I recommend this book.



5 out of 5 stars A Great Shipwreck with Little Heroism   November 24, 2004
 9 out of 10 found this review helpful

In 1782, the 741-ton, three-masted square-rigger _Grosvenor_ was wrecked on the inhospitable shore of southeast Africa. One hundred and forty people were on board, and most of them survived the wreck. "What they had feared was shipwreck and death. Shipwreck and survival was not a possibility that anyone had much considered." So writes Stephen Taylor in _Caliban's Shore: The Wreck of the Grosvenor and the Strange Fate of Her Survivors_ (Norton). Unique among shipwrecks, this one had survivors from a broad spectrum of British society, cast upon a shore about which all were ignorant. Taylor's gripping story is fragmented; there are large gaps which no one will be able to fill. Readers will find intelligent speculation to get them through these gaps; Taylor's research includes digging into the old records of the British Museum and academic resources within South Africa (where he grew up), as well as traversing the lands where the survivors trekked after being cast ashore. It is a gripping story full of period details and human suffering, ingenuity, and greed.

The _Grosvenor_ was about to make its usual run to England for the British East India Company, and was hastily joined by William Hosea, a colonial aristocrat with his family. He was also traveling with a bag of diamonds that would have easily been turned into cash when he got back home. There were around seventeen other folk of his class making the trip, which would have taken several months; they would have insisted on plenty of food, even if the quality could not be sustained, and there was 2,700 gallons of wine aboard.
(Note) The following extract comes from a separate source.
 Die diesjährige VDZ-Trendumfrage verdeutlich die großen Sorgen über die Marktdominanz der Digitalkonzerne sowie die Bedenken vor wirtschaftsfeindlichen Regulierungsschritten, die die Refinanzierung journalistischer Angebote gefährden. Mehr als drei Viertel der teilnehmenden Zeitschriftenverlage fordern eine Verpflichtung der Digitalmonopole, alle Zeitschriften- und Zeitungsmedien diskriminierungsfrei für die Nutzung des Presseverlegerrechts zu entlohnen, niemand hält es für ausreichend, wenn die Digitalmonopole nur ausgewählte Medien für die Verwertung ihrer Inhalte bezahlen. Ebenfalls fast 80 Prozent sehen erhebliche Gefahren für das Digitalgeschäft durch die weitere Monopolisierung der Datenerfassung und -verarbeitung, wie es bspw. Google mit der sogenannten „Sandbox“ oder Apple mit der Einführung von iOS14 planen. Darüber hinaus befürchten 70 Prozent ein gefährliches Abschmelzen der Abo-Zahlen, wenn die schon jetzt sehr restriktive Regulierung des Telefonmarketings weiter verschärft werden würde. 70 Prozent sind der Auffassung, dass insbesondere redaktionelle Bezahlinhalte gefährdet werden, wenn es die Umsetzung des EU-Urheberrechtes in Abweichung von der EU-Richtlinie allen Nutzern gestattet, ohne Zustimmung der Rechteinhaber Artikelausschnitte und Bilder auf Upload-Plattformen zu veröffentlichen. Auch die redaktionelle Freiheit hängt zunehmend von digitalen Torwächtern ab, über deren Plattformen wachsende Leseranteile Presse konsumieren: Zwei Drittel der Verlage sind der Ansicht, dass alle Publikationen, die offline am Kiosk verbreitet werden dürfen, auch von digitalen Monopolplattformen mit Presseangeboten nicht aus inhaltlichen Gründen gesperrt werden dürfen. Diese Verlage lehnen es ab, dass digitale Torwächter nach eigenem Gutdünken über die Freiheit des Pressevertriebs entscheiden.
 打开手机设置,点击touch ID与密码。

For his costly passage, Hosea had directly paid the captain of the vessel, John Coxon who was better at commerce than seamanship. During the night of 4 August, some of the sailors were alarmed by what seemed to be lights on shore, but Coxon insisted that land was 300 miles to the East. When the ship foundered, 126 survivors came on land. Coxon was not the man to provide leadership, and the survivors split up, with groups forming and reforming, and generally leaving the weakest and wounded behind. They had to face impassable rivers, precipitous cliffs, starvation, and disease. It was a grueling, distressing story for almost all. 106 perished. The public was greatly interested in the wreck and its outcome, and took an especially prurient interest in the seven women who were lost; they were, in a phrase of the time, "doomed to worse than death among the natives."
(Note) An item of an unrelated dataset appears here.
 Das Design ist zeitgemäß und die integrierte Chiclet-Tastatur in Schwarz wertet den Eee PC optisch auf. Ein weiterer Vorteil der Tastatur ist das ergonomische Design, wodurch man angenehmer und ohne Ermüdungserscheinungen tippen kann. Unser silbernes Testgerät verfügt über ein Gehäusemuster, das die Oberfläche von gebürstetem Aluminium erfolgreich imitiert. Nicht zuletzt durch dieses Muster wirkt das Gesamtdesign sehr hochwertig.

The wreck has had surprising repercussions in the last century. In 1925, a drifter named Bock found a bright stone 150 miles south of where the wreck had occurred; it was a diamond, and he eventually accumulated over a thousand of them. He sold mining concessions, but no one else found anything. He was accused of "salting" the diamonds, fraudulently planting them to mislead others, and found guilty. The diamonds, however, are not the type from African mines, but are just the type Hosea would have been carrying. Bock's descendants are trying to clear his name, and gain recompense for loss of the treasure, which has disappeared. The _Grosvenor_ was well laden with goods, but because of its notoriety, folklore made it into a treasure ship. Over many years, different investment schemes, like the _Grosvenor_ Bullion Syndicate, have proposed diving for the treasure, and some have actually brought in the hardware to do so. Only failure and ruin came of such efforts, marked, as Taylor says, by breathtaking audacity and an astonishing willingness to be gulled. The _Grosvenor_ sank over two centuries ago, but the ship of fools sails on.